§ **Problem requirements**:
Quote the records beneath, complete and exact. Leave out images.

>>

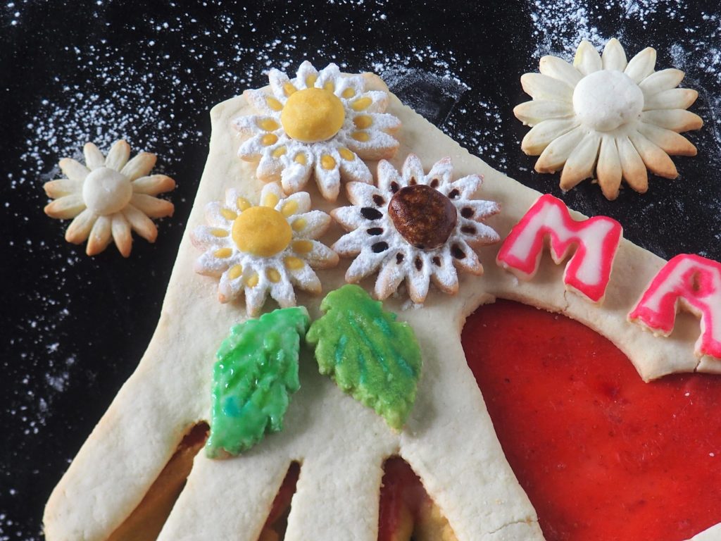 Découpez également les décorations, fleurs, feuilles, l’inscription maman, vous pouvez laisser libre cours à votre imagination. Faites cuire à 170° pendant environ 10/12 minutes. Vérifiez toujours pendant la cuisson. Ce sera le couvercle de votre tarte.
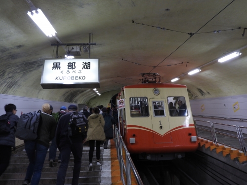 写真を撮ったり、お土産屋さんを覗いたりしながら、ダムのえん堤を歩いて、対岸の黒部湖側の向かうと、1時間かからずに、次の乗り物であるケーブルカーの黒部湖駅に到着します。
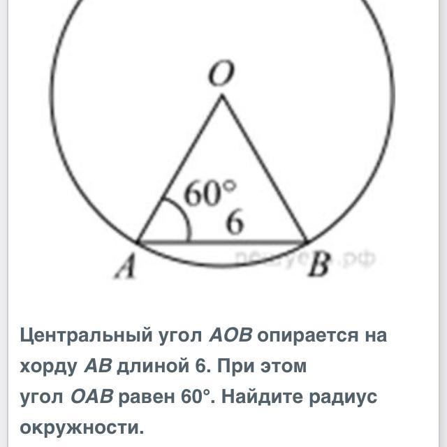 Т.к один из углов треугольника равен 60, а сумма всех углов треугольника равна 180, отсюда следует что все углы треугольника равны 60 и этот треугольник равносторонний, значит у него все стороны равны, и следовательно AB = OB(радиус)= 6
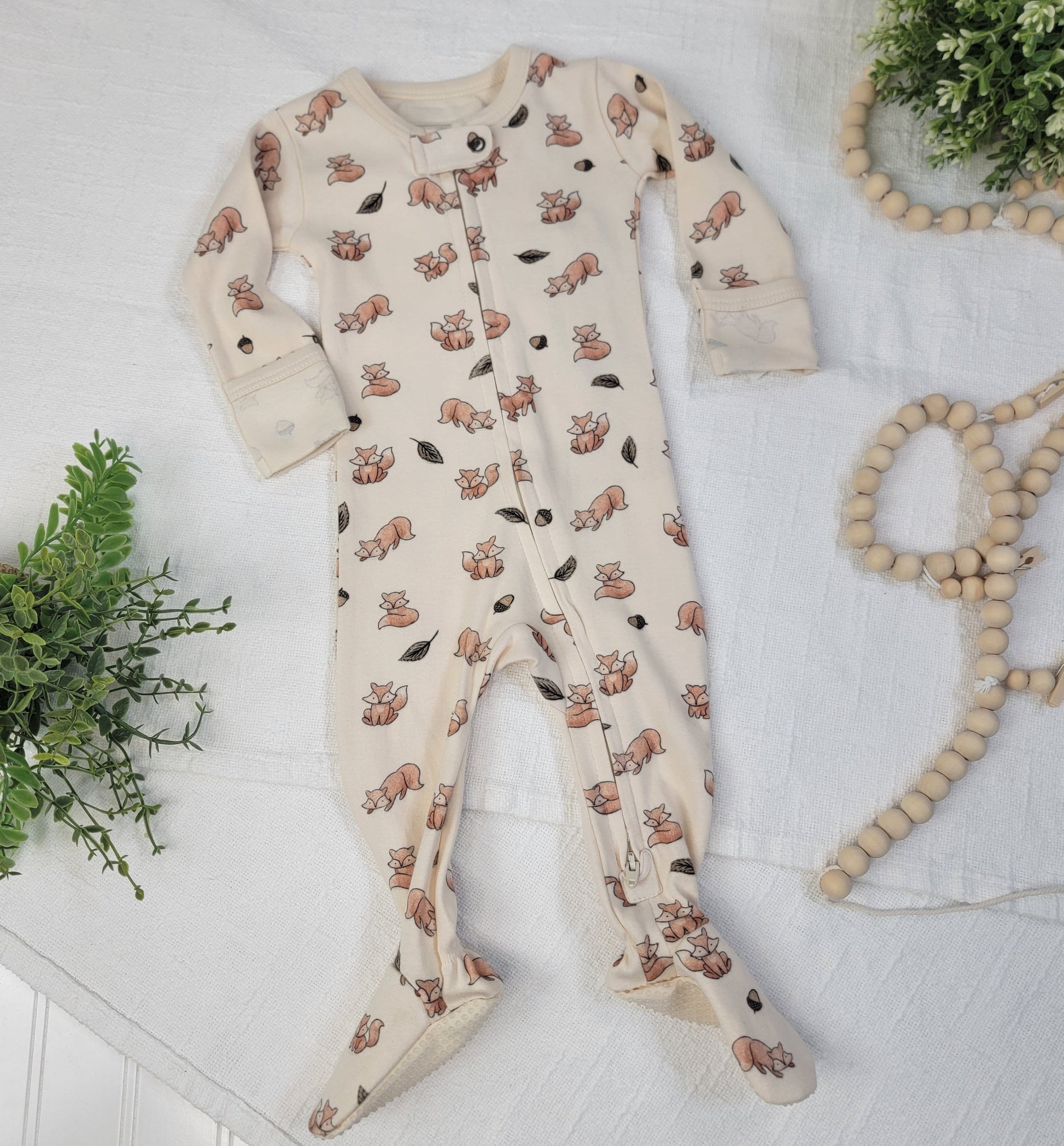 Lovedbaby Sleepwear/Romper. Organic 2-Way Zipper Footie and Organic 2-way Romper. The Footies and Romper are a Cream Color with Fox's, Leaves and Acorn.
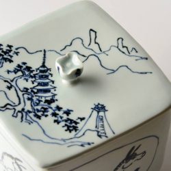 こちらの水指は、正面に二頭、裏側に一頭、馬が描かれています。豊藏先生は、ご自身が午年生まれであったことから、馬の絵をモチーフとして多く取り上げております。画家を目指されていたという豊藏先生の筆致には躍動感があり、共蓋の山水画も軽やかな陽射しが感じられそうな明るさがあります。
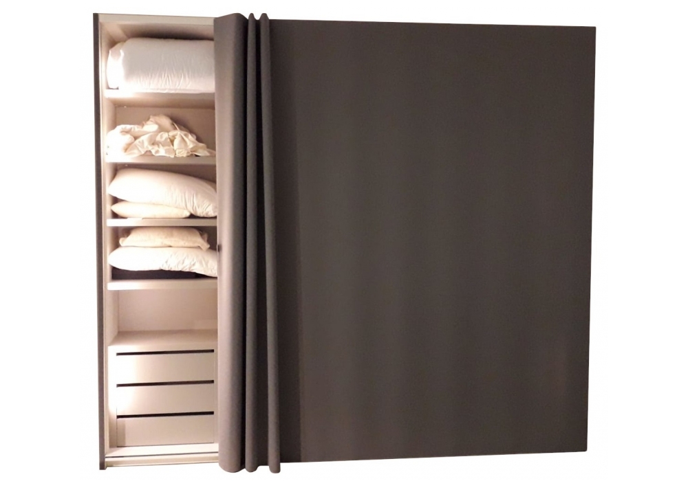 Et Voilà diseñado por Daniele Lago es un armario con una sola puerta de tela. Tiene iluminación interna.
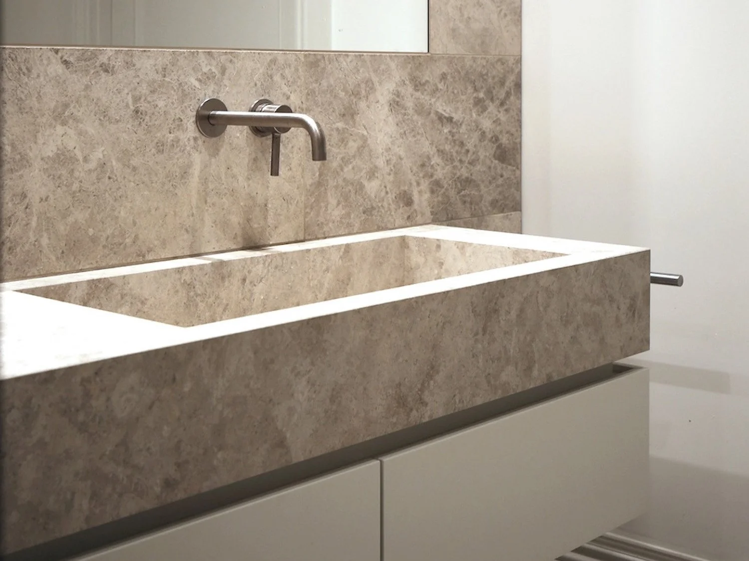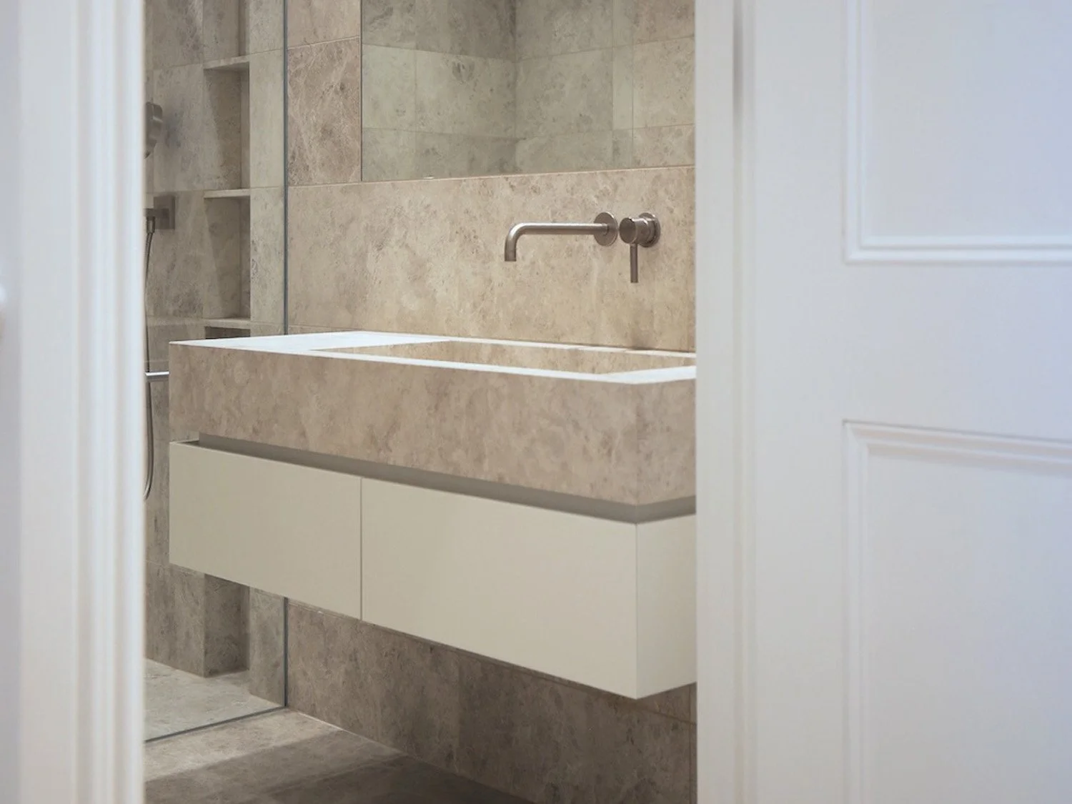 Supply only of Bianco Carrara marble floor and wall cladding, as well as bespoke vanity, for the guest WC
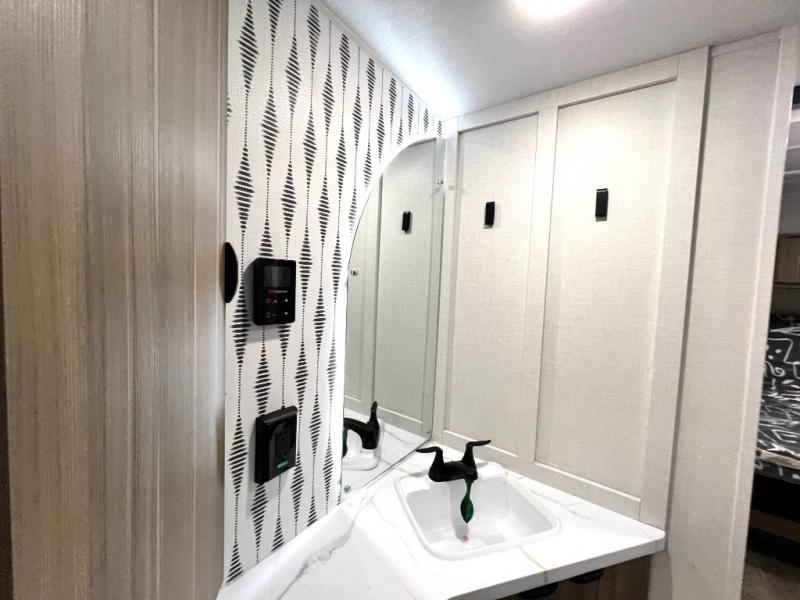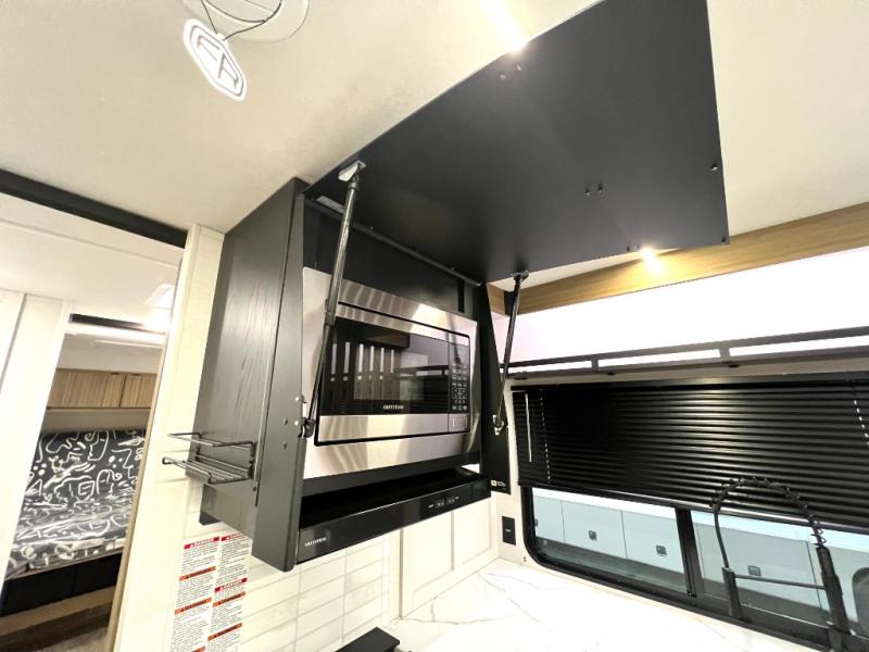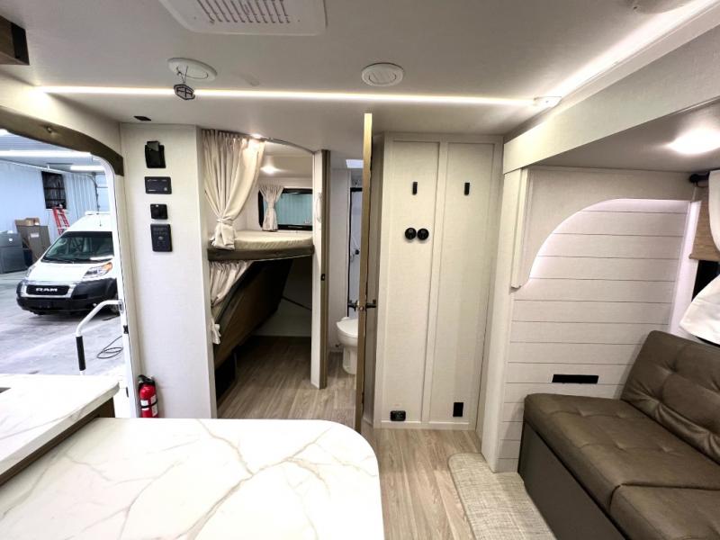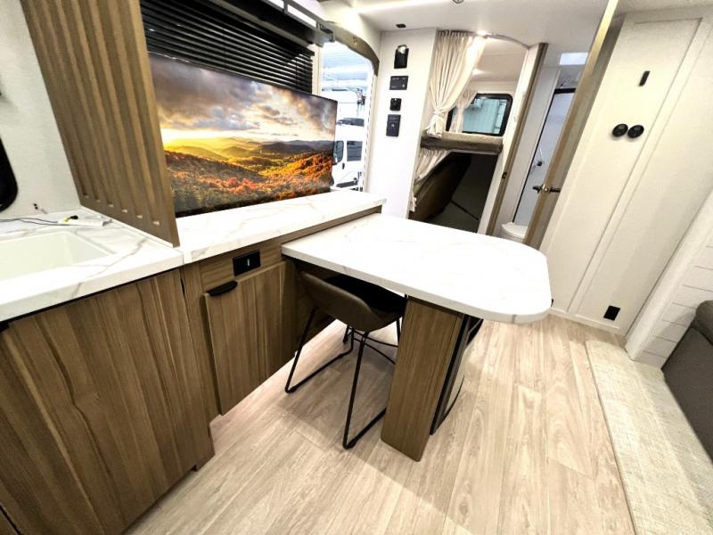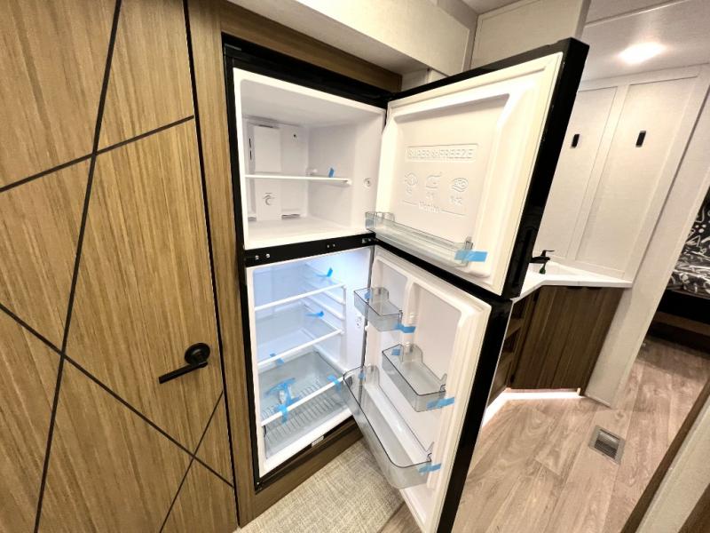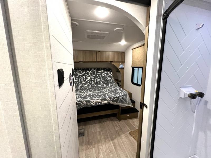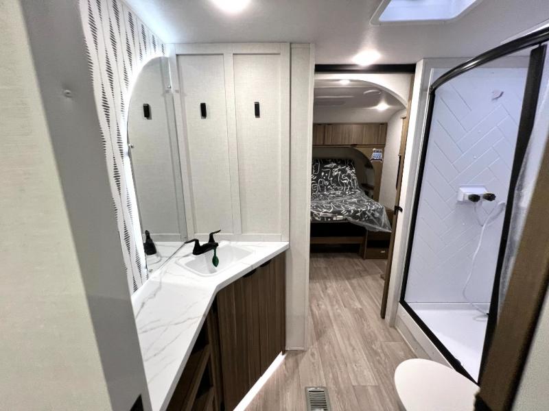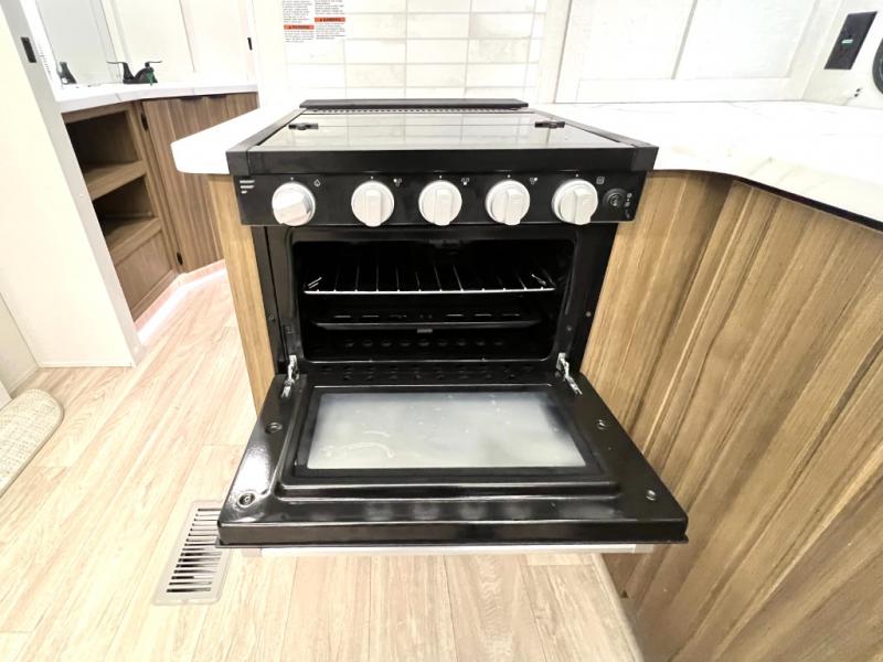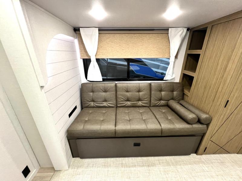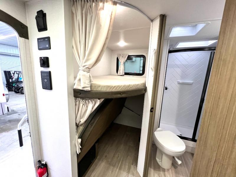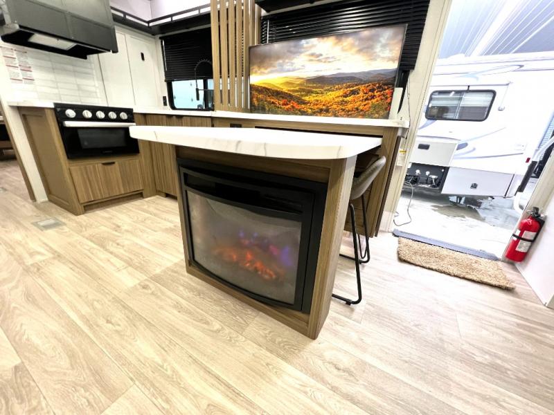 Everyone will love camping in this spacious travel trailer with double-size bunks and a large slide out for more space. You'll have the custom king bed with Versa Tilt all to yourselves, and the walk-thru bath will be easily accessible for everyone. In the combined kitchen and living room, a sofa slide sits across from the fireplace/entertainment center, and there is a pull-out table here so you can dine together.
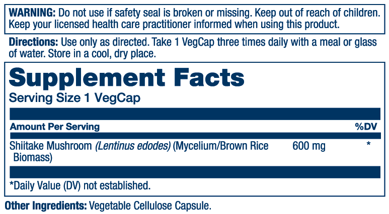 Shiitake Mushroom (Lentinus edodes) (Mycelium/Brown Rice Biomass), Vegetable Cellulose Capsule.
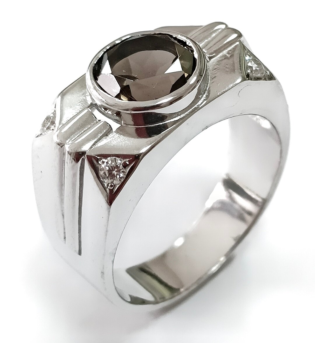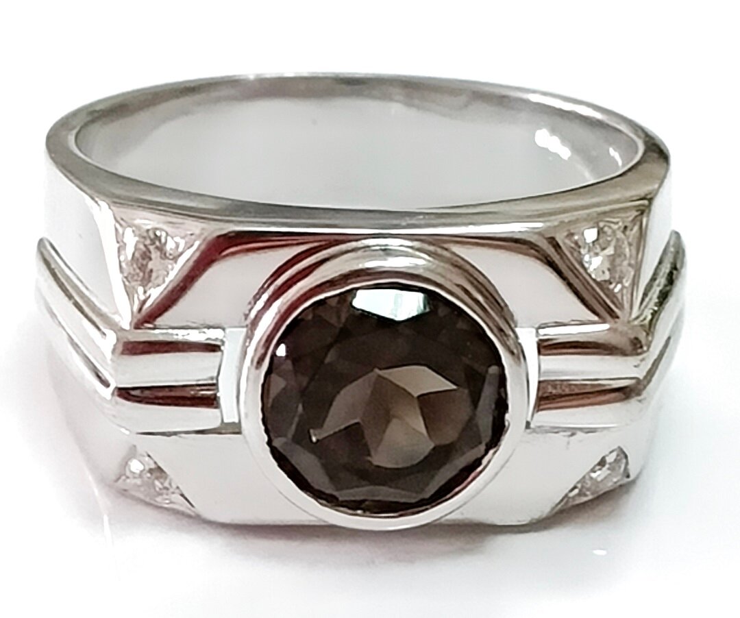 Ювелирное кольцо из серебра с раух-топазом и фианитами - стильное и элегантное украшение, которое станет прекрасным дополнением к вашему образу.
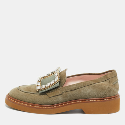Roger Vivier Green Suede Viv Rangers Loafers Size 38 1224184 (зелёный, lpn31019059)
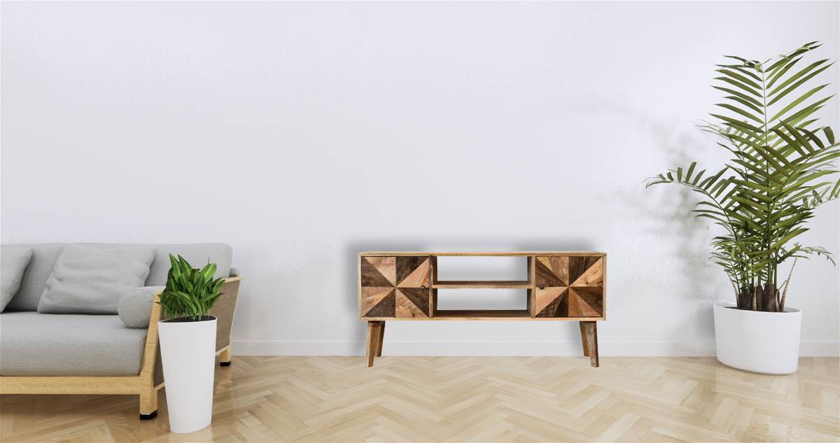 A beautiful addition to your bedroom, this Safi Media Unit features a contemporary, stylish design. Finished with a unique mixed wood door front this piece will look smart in almost any decorating scheme. It is constructed from 100% solid mango wood and also features 2 large open slot, shiny brass knobs and nordic style legs.

<<

§ **Result of this task**:
 Découpez également les décorations, fleurs, feuilles, l’inscription maman, vous pouvez laisser libre cours à votre imagination. Faites cuire à 170° pendant environ 10/12 minutes. Vérifiez toujours pendant la cuisson. Ce sera le couvercle de votre tarte.
 写真を撮ったり、お土産屋さんを覗いたりしながら、ダムのえん堤を歩いて、対岸の黒部湖側の向かうと、1時間かからずに、次の乗り物であるケーブルカーの黒部湖駅に到着します。
 Т.к один из углов треугольника равен 60, а сумма всех углов треугольника равна 180, отсюда следует что все углы треугольника равны 60 и этот треугольник равносторонний, значит у него все стороны равны, и следовательно AB = OB(радиус)= 6
 Lovedbaby Sleepwear/Romper. Organic 2-Way Zipper Footie and Organic 2-way Romper. The Footies and Romper are a Cream Color with Fox's, Leaves and Acorn.
 こちらの水指は、正面に二頭、裏側に一頭、馬が描かれています。豊藏先生は、ご自身が午年生まれであったことから、馬の絵をモチーフとして多く取り上げております。画家を目指されていたという豊藏先生の筆致には躍動感があり、共蓋の山水画も軽やかな陽射しが感じられそうな明るさがあります。
 Et Voilà diseñado por Daniele Lago es un armario con una sola puerta de tela. Tiene iluminación interna.
 Supply only of Bianco Carrara marble floor and wall cladding, as well as bespoke vanity, for the guest WC
 Everyone will love camping in this spacious travel trailer with double-size bunks and a large slide out for more space. You'll have the custom king bed with Versa Tilt all to yourselves, and the walk-thru bath will be easily accessible for everyone. In the combined kitchen and living room, a sofa slide sits across from the fireplace/entertainment center, and there is a pull-out table here so you can dine together.
 Shiitake Mushroom (Lentinus edodes) (Mycelium/Brown Rice Biomass), Vegetable Cellulose Capsule.
 Ювелирное кольцо из серебра с раух-топазом и фианитами - стильное и элегантное украшение, которое станет прекрасным дополнением к вашему образу.
Roger Vivier Green Suede Viv Rangers Loafers Size 38 1224184 (зелёный, lpn31019059)
 A beautiful addition to your bedroom, this Safi Media Unit features a contemporary, stylish design. Finished with a unique mixed wood door front this piece will look smart in almost any decorating scheme. It is constructed from 100% solid mango wood and also features 2 large open slot, shiny brass knobs and nordic style legs.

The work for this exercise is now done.